··· DATASET CONTENT

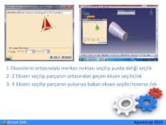 3- X Ekseni seçilip parçanın yukarıya bakan eksen seçilir/reverse /ok
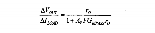 由上式可以看出,如果要降低LDO的负载调整率,减小负载电流的变化对输出电压的影响,可以提高环路的增益,但是高环路增益的电路的稳定性补偿问题非常困难,故在设计时需折衷考虑。
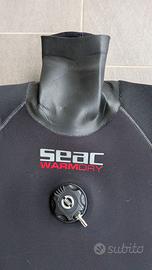 Vendo per taglia sbagliata, muta stagna WARM DRY 4 MM MAN SEAC in neoprene, ancora perfetta, con cerniera in plastica nuova (fate meno di 10 immersioni da quando l'ho messa), polsini nuovi (sostituiti gli originali e leggermente allungate le maniche), predisposizione pee valve.

······

#### [PROBLEM DETAILS]
Go through the listing above and write it out again exactly, dropping the pictures.

#### [SOLUTION]
 3- X Ekseni seçilip parçanın yukarıya bakan eksen seçilir/reverse /ok
 由上式可以看出,如果要降低LDO的负载调整率,减小负载电流的变化对输出电压的影响,可以提高环路的增益,但是高环路增益的电路的稳定性补偿问题非常困难,故在设计时需折衷考虑。
 Vendo per taglia sbagliata, muta stagna WARM DRY 4 MM MAN SEAC in neoprene, ancora perfetta, con cerniera in plastica nuova (fate meno di 10 immersioni da quando l'ho messa), polsini nuovi (sostituiti gli originali e leggermente allungate le maniche), predisposizione pee valve.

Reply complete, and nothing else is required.